Kafka Streams#
Kafka Streams is an API where both the input and output is stored in Kafka topics. Streams are a sequence of events; real-time events. Example of events:
Transactions
Stock trades
Deliveries
Network events
Moves in a game
Stateless and Stateful transformations#
Tranformations that are stateless do not require a special data store. Transformation that are stateful require a special data store to store the current state for the stream.
Stateless transformations#
Some stateless transformations inlcude:
.branch
, splitting a stream into multiple streams.filter
, remove records based on a criteria or condition.flatMap
, converting input into any number of output records.foreach
, to perform some operation on each record. Prevents further processing.groupBy
, groups the stream by a new key.groupByKey
, groups by existing key.map
, converts and modify one and one record.merge
, used to merge two streams.peek
, perform stateless operation (non-terminal)
Stateful transformations#
A stateful transformation in Kafka is the aggregation of records, performed by the .aggregate
stream function. Types
of aggregation include:
.aggregate
, a generalized aggregation.count
, counts the number of records.reduce
, combines grouped records to reduce the number of input records based on a value or condition
Another stateful transformation is join operation, which combines two input streams. Different types of join can be used, including:
.join
, an inner join (intersection).leftJoin
, joining “left” stream and matching records from the “right” stream.outerJoin
, combining two streams with all records from both streams. (union)
Note on Co-Partitioning#
When joining streams, the data must be co-partitioned:
Same number of partitions for input topics.
Same partitioning strategies for producers.
Join operations#
The following join operations are available in Kafka streams:
Inner join
Left join
Outer join
Join operations are performed between two streams from two topics:
val left = builder.stream(topicLeft)
val right = builder.stream(topicRight)
val innerJoined = left
.join(
right,
{ leftVal, rightVal -> "left=" + leftVal + ", right=" + rightVal },
JoinWindows.of(Duration.ofMinutes(5))
) // Windowing
.to(topicJoined) // Output topic
Similarly, a .leftJoin
and .outerJoin
can be defined.
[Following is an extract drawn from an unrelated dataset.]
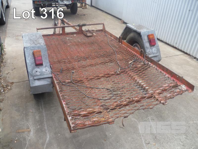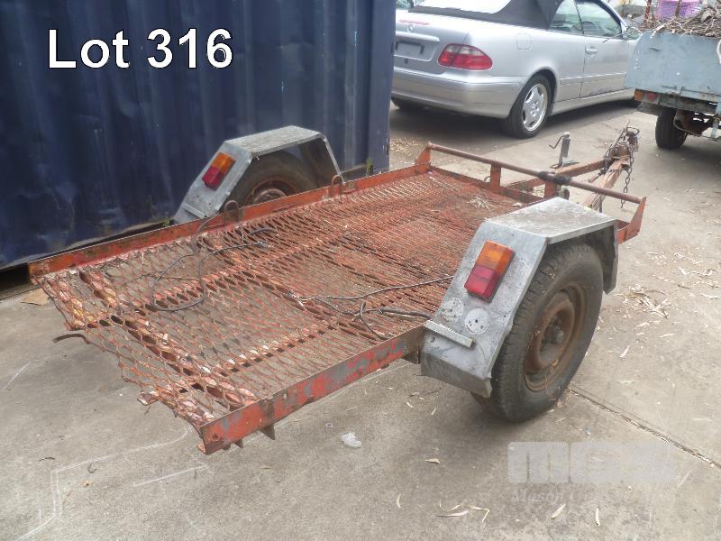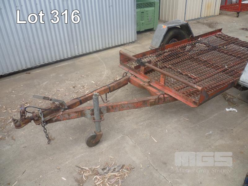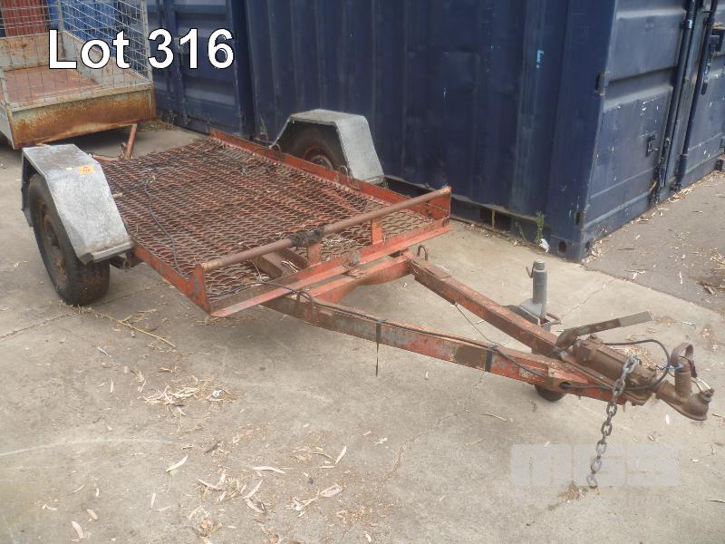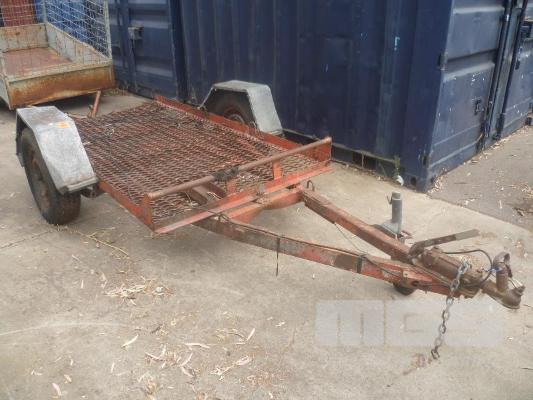 HOMEMADE PLANT TRAILER 7 X 5 SINGLE AXLE SINGLE AXLE, BALL HITCH, CABLE BRAKES, JOCKEY WHEEL, TILTING TRAY, TO SUIT RIDE ON LAWNMOWER, LIGHTS NEED TO BE REWIRED, RESTORATION PROJECT (NO PAPERS, NO OWNER'S MANUAL, NO SERVICE BOOKS)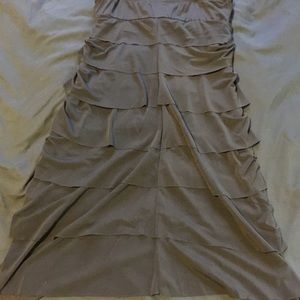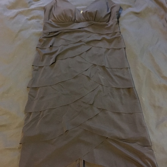 Small Black ruffled v neck dress with crystal embellishments on straps, lower thigh/little above knee length. Worn twice

The values will join on the topics keys.
Windowing#
One way to perform operations sequentially is by using windowing. This operation allows subdivision of groups into “ time buckets”, aggregating them bit by bit. Different window types exist:
Tumbling: No overlap, no gap
Hopping: Time-based, but can have overlap and/or gaps
Sliding: Dynamically based, only used for joins. Defined by the length of time between timestamps of any two records. No gaps, but overlap.
Session: Dynamic windows formed around activity based on the timestamps. Will contain gaps due to inactivity / idle time.
Late-Arriving Records is records that fall into a time window received after the end of that window’s grace period. These records can be processed by adjusting the retention period for a window. Any records arriving after this period will not be processed.
Setting a tumbling and hopping windowing can be controlled by the .advanceBy(Duration.)
:
import java.time.Duration
// New window will be started after 12 seconds => Hopping time window
val windowedStream = stream
.groupByKey()
.windowedBy(TimeWindows.of(Duration.ofSeconds(10)).advanceBy(Duration.ofSeconds(12)))
Time in Streams#
Time in the context of streams is used in operations such as windowing, and define time boundaries. These include:
Event time: Time when event was created at the source.
Ingestion time: Time when the event was stored in a topic partition by a Kafka broker.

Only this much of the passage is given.